Your assignment: Carry none of the pictures over; write out the complete data exactly.

Data block:
Segment Open
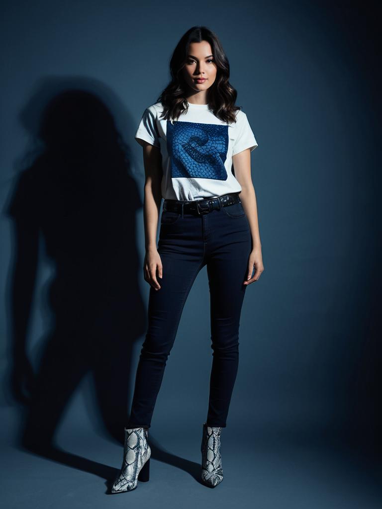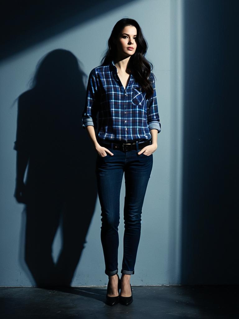 Young woman with long dark hair wearing a casual red and navy blue plaid shirt with rolled-up three-quarter sleeves and a front pocket, paired with black skinny jeans, a black belt with a simple buckle, and classic black pumps. She stands against a gray wall with dramatic lighting casting a shadow behind her.
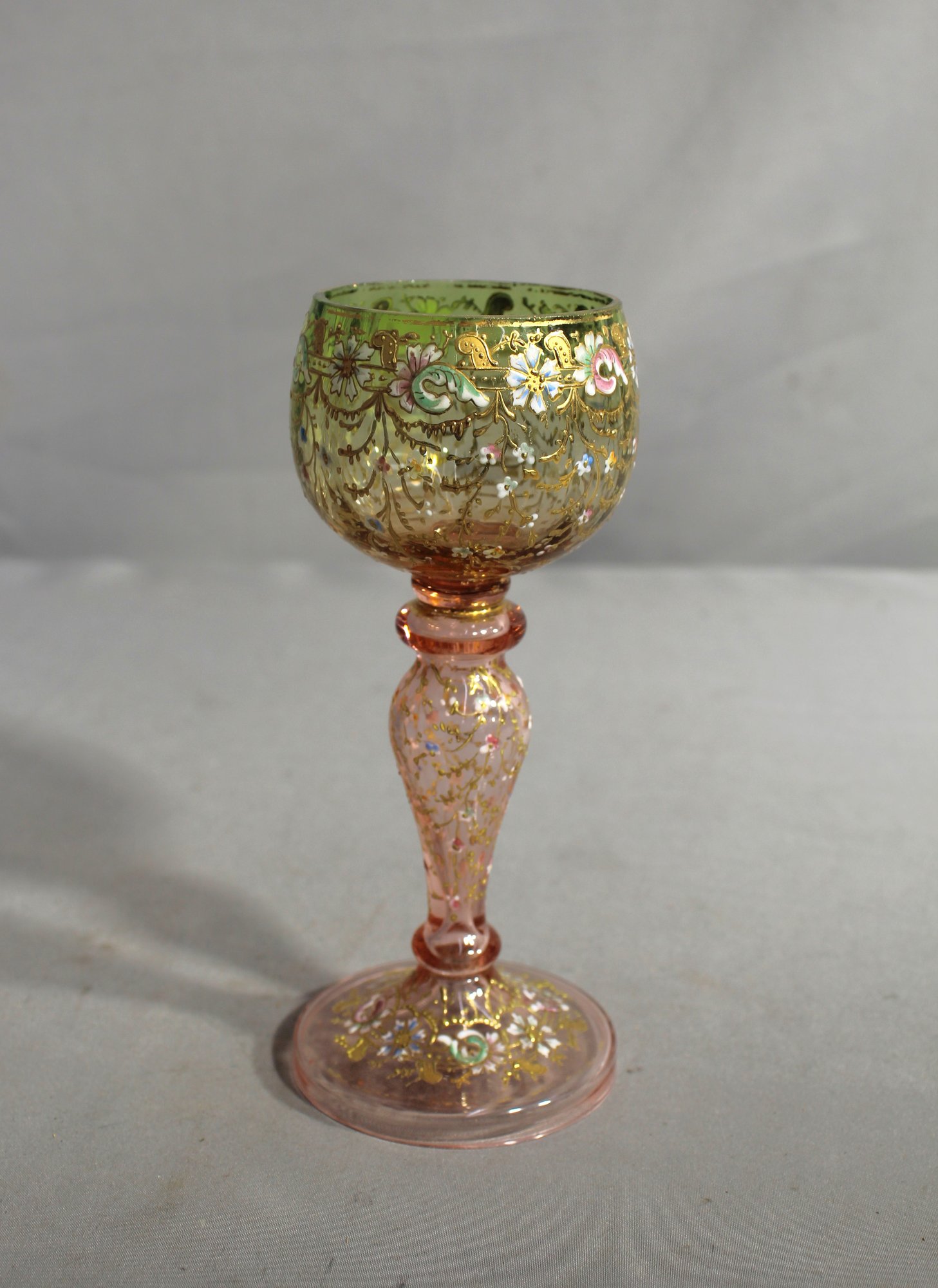 This piece features a stunning green bowl with intricate enameled floral motifs, enhanced by luxurious gold accents that shimmer gracefully in the light,adorned with a floral and vine motif, each detail is meticulously highlighted with gold embellishment, offering an air of opulence.
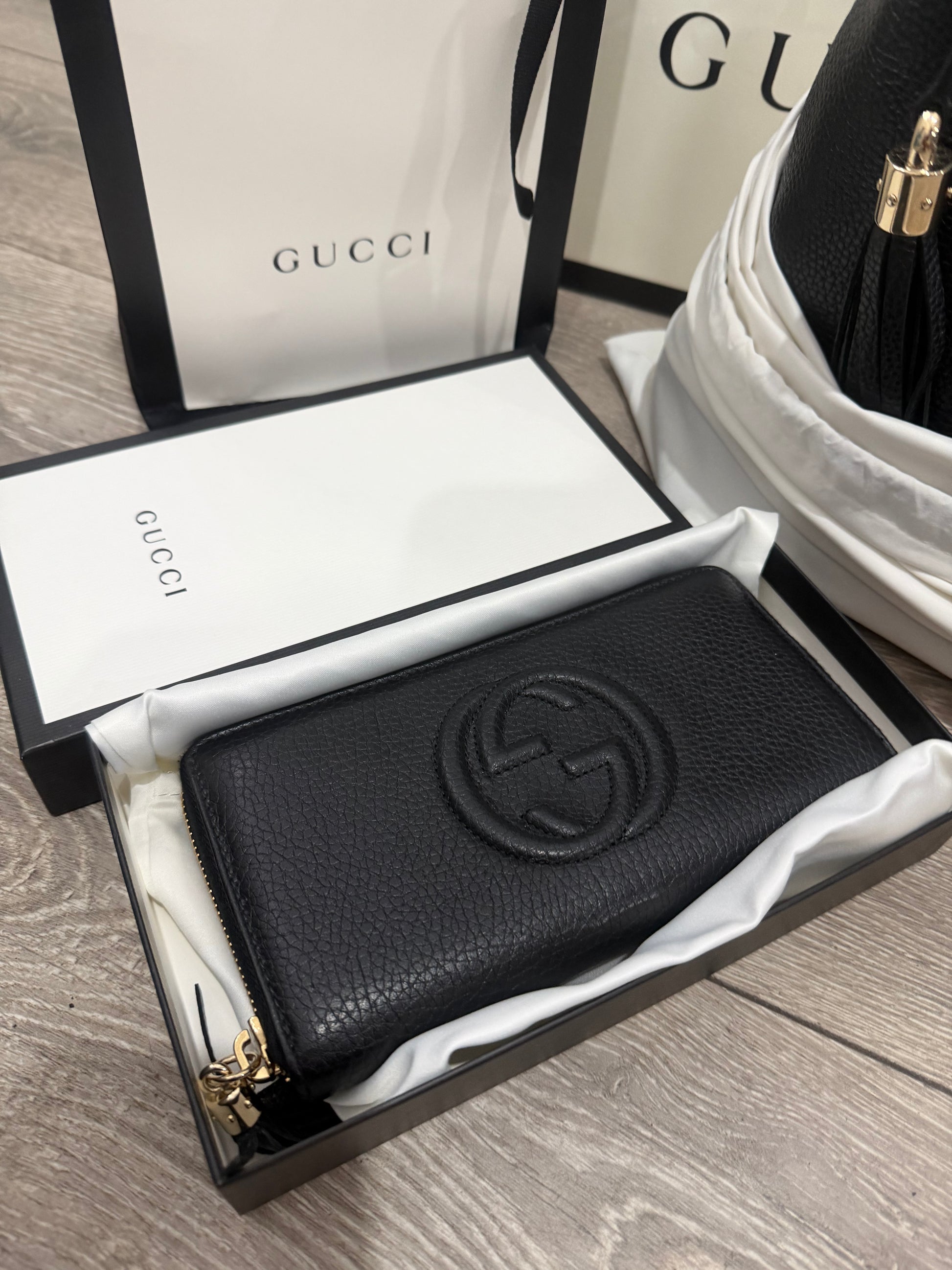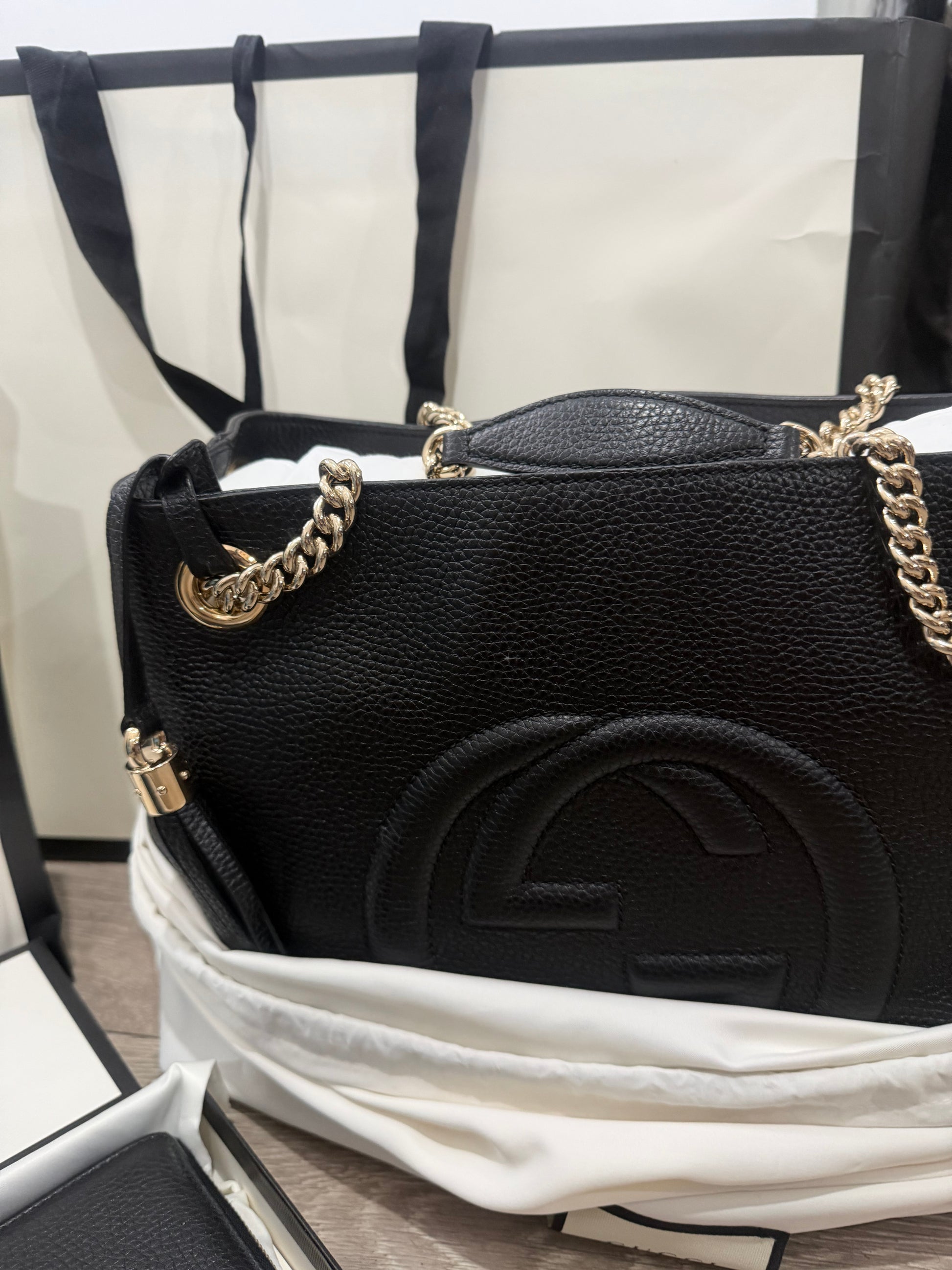 Black Gold Hardware Gucci Soho Chain Leather Bag, with Purse (Set)
Segment Closed
Output of the exercise:
 Young woman with long dark hair wearing a casual red and navy blue plaid shirt with rolled-up three-quarter sleeves and a front pocket, paired with black skinny jeans, a black belt with a simple buckle, and classic black pumps. She stands against a gray wall with dramatic lighting casting a shadow behind her.
 This piece features a stunning green bowl with intricate enameled floral motifs, enhanced by luxurious gold accents that shimmer gracefully in the light,adorned with a floral and vine motif, each detail is meticulously highlighted with gold embellishment, offering an air of opulence.
 Black Gold Hardware Gucci Soho Chain Leather Bag, with Purse (Set)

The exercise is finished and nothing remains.